Malattia degli Ulivi dei Colli Euganei


COLDIRETTI: BENE IL FINANZIAMENTO ALLA RICERCA


Due anni fa colpite fra il 20-30 per cento delle piante, “siamo alla ricerca di una cura efficace, positivo l’intervento della Regione”

“Due anni fa sui Colli Euganei oltre un ulivo su cinque era stato colpito da una patologia che aveva portato al distaccamento dei rami e alla cascola dei frutti. Già allora avevamo avviato uno studio e le analisi con l’Università di Padova per risolvere il problema e mettere in campo i primi interventi per contenere i danni. Ben venga dunque la decisione della Regione Veneto, Direzione Agroamebiente, di rinnovare la convenzione con il Dipartimento Territorio e Sistemi Agroforestali dell’Ateneo patavino destinando nuove ricorse alla ricerca”.

Coldiretti Padova accoglie con favore una notizia attesa da tempo per affrontare una malattia che, insieme agli attacchi della cimice asiatica, rischia di compromettere la produzione di olio extravergine d’oliva sui Colli Euganei. Una produzione di qualità che coinvolge decine di aziende agricole.
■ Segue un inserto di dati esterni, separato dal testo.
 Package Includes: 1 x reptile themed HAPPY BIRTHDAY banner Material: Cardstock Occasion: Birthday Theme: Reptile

“Già due anni fa – ricorda il presidente Massimo Bressan – avevamo collaborato con i tecnici per individuare una cura efficace e lo studio si è rivelato utile. Dal 2017 due funghi stanno attaccando gli ulivi in maniera particolarmente aggressiva, provocando il disseccamento della pianta fino alla morte per apoplessia, causata dalla chiusura totale dei vasi linfatici, come fosse un “infarto”. Per studiare il fenomeno sono stati coinvolti il servizio fitosanitario regionale e l’università di Padova. Le piante più colpite sono quelle che presentano lesioni e ferite da potatura ma anche dalla grandine. Anche la presenza della cimice asiatica che potrebbe complicare la situazione. Ora la speranza è quella di arrivare al più presto a formulare una cura efficace, che potrebbe essere attuata con prodotti fitosanitari sistemici a base di triazoli, un po’ come i nostri antibiotici”.
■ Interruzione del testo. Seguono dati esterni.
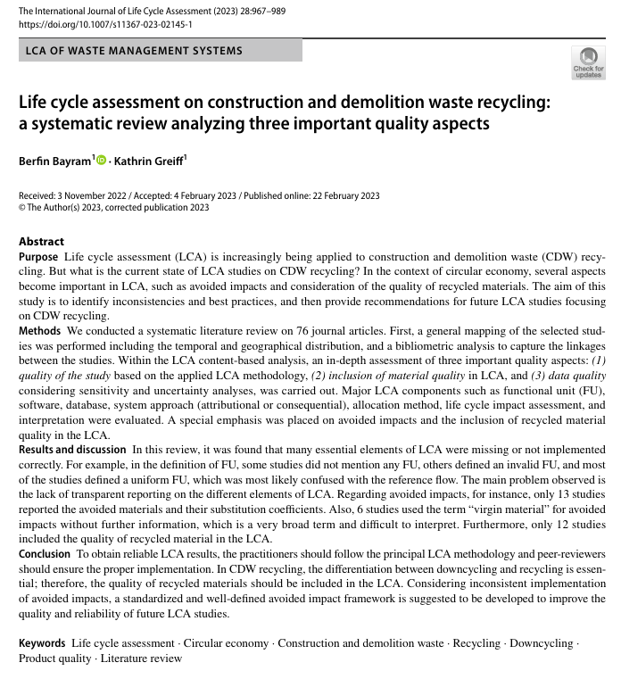 原文标题:Life cycle assessment on construction and demolition waste recycling: a systematic review analyzing three important quality aspects

In veneto su circa 5.000 ettari coltivati si stima che questo “attacco” abbia raggiunto almeno un terzo delle piante coltivate. Nei Colli Euganei Coldiretti Padova ha monitorato la situazione ipotizzando un coinvolgimento di oltre il 20 per cento delle piante. Nonostante il fenomeno si sia attenuato non è certo scomparso, e resta la preoccupazione fra gli olivicoltori, ricorda Coldiretti Padova, già reduci da flessioni produttive e dagli attacchi della cimice asiatica, ora alle prese anche con questo nuovo allarme che rischia di avere delle ripercussioni sulla produzione dell’olio extravergine dei Colli Euganei, sempre più richiesto e ricercato per le sue pregiate caratteristiche organolettiche.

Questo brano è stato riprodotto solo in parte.